Plain-language companion: v0.30.0.md

v0.30.0 — Pre-GA Correctness & Stability Sprint

Status: ✅ Released (v0.30.0). Derived from plans/PLAN_OVERALL_ASSESSMENT_3.md §3, §4, §7, §8. This release must land before v1.0.0 GA. Its purpose is to close every P0 and P1 gap identified in the v0.27.0 assessment so that the stable release inherits a clean correctness baseline.

Release Theme v0.30.0 is the quality gate before the feature-rich v0.28–v0.29 arc and the v1.0 stable release. It fixes the remaining correctness defects that could produce silent wrong answers (EC-01 phantom drift, snapshot non-atomicity), eliminates the operational failure modes that could surprise production operators (unbounded IVM/template caches, text-based SPI error classification, snapshot partial-restore data loss), closes the documentation gaps that block self-service operation (upgrade notes, GUC reference, ERRORS guide), and hardens the test suite with the fuzz and E2E coverage that the new SNAP/PLAN/CLUS/METR functionality currently lacks. No new user-visible SQL API is added. The release is a prerequisite for v1.0.0; any item not landed here will block GA.


Correctness

ID Title Effort Priority
CORR-1 Complete EC-01 phantom-row convergence M P0
CORR-2 Generalise SubLink detection to CASE/COALESCE/FuncCall S P1
CORR-3 Replace SELECT * EXCEPT with explicit column list in restore S P1

CORR-1 — Complete EC-01 phantom-row convergence. The v0.24.0 hash fix is necessary but not sufficient: is_deduplicated: false at src/dvm/operators/join.rs:657–668 still forces the MERGE to aggregate by row-id, and the conditional wiring that invokes src/refresh/phd1.rs cross-cycle cleanup is incomplete. Option A: wire every refresh cycle through unconditional PH-D1 cleanup with a small batch size. Option B: re-derive the Part-2 row-id from the retained base-table key snapshot so that is_deduplicated: true can be set for INNER joins. Verify with the deterministic reproducer from test_tpch_q07_ec01b_combined_delete and the IMMEDIATE-mode property tests. Schema change: No. Dependencies: v0.24.0 PH-D1 skeleton.
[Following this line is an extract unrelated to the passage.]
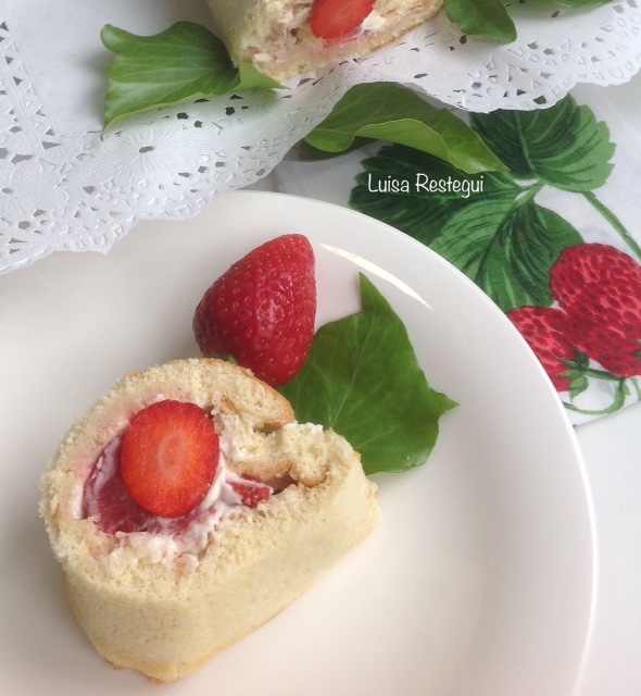Brazo de gitano de nata y fresas
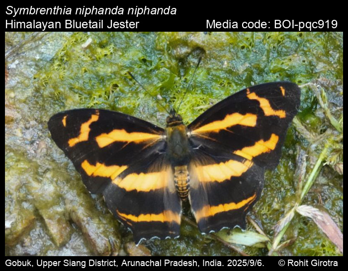 Anonymous 2025. Symbrenthia niphanda Moore, 1872 – Bluetail Jester. In Kunte, K., S. Sondhi, and P. Roy (Chief Editors). Butterflies of India, v. 4.12. Published by the Indian Foundation for Butterflies. URL: https://www.ifoundbutterflies.org/index.php/symbrenthia-niphanda, accessed 2025/10/08.

CORR-2 — SubLink detection for CASE/COALESCE/FuncCall. node_tree_contains_sublink only recurses into T_BoolExpr arguments; SubLinks inside T_CaseExpr, T_CoalesceExpr, or function-argument lists silently downgrade the query to FULL refresh without a user-visible message. Generalise the walker or emit a NOTICE on forced downgrade. Schema change: No. Dependencies: None.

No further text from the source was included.